Athenæ Oxonienses. The History of Oxford Writers. Vol. 1, p. 250

John Martiall

, a zealous man for the R. Cath. Cause, was born at Dalysford in Worcestershire, near Chippingnorton in the County of Oxon; educated in Grammatical learning in Wykeham’s School near Winchester, admitted perpetual Fellow of New coll. after he had served two years of probation, an. 1551. took the degree of Bach. of the Civil Law five years after, about which time he was made Usher, or second Master, of the aforesaid School under Tho. Hide, whom I shall anon mention.

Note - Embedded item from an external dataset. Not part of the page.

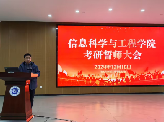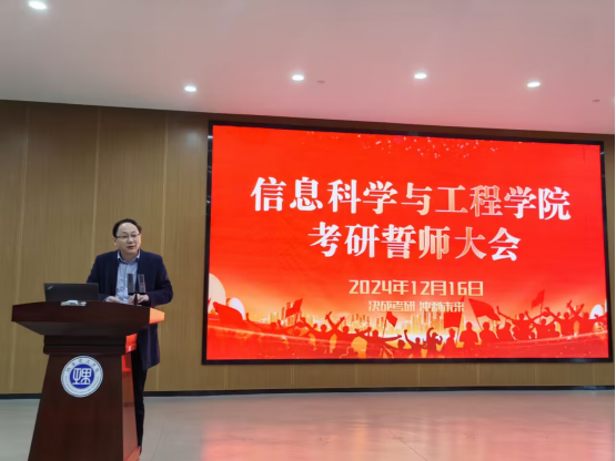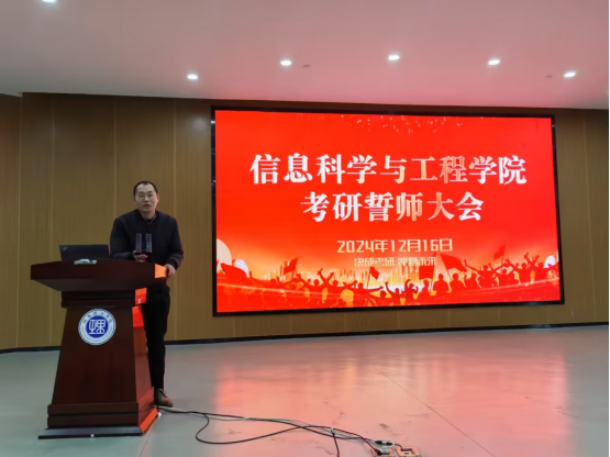 为即将踏上考研战场的学子们加油助威、坚定信心,12月16日上午,信息学院在17118会议室举行2025届考研誓师大会。学院院长童耀南、副院长戴华、副院长周峰和毕业班辅导员及班主任代表出席,党委副书记付亚子主持,2025届考研学子参加。

In the beginning of Q. Eliz. he left his Employment, Fellowship, and at length the Kingdom, and going beyond the Seas to Lovaine, he made proficiency there in the studies of Divinity, and at length by the procurement of Lewis Owen Archdeacon of Cambray, (afterwards Bishop of Cassano) he was made Canon of St. Peters Church at L’isle in Flanders. Which place he keeping eight years, resigned it, (being then D. of D.) to the end that he might give himself solely upto his devotions, and prepare himself for another World. He hath written,

A Treatise of the Cross, gathered out of the Scriptures, Councils, and ancient Fathers of the primitive Church. Antw. 1564. in oct. Whereupon Jam. Calfhill of Ch. Ch. making an answer to it, our Author came out with a reply intit.

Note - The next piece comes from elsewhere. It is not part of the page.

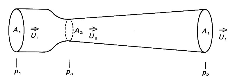 Fig. 5.12. Flow in a Venturi section where initially the tube cross-sectional area is decreased from 'A1 to A2, and then slowly re-expands to area A1. The pressure measurements p1, p3, and p2 are made upstream of the constriction, at its maximum and far downstream respectively.

A reply to Mr. Calfhills blasphemous answer against the Treatise of the Cross. Lov. 1566. qu. Afterwards he wrote,

Treatise of the tonsure of the Clerks.—Left imperfect and therefore never printed. He departed this mortal Life at L’isle beforementioned, (to the great grief of the R. Catholicks,) in the Arms or Embraces of Will, Gifford Dean of that Church, 1597 on the 3. of Apr. (a)(a) Jo. Pits in lib. De illustr. Angl. Scriptorih. Aet. 16. nu. 1045. in fifteen hundred ninety and seven, and was buried in the Collegiate Church of St. Peter before-mentioned. At his death he bequeathed a rich ring, with a stone in it, to adorn a piece of our Saviour’s Cross, in the Cathedral there. Whose Will being performed by the said Gifford, that bequest was esteemed as a Trophy of Victory over Calfhill, and is at this day, as I have been informed, preserved as a choice relick there.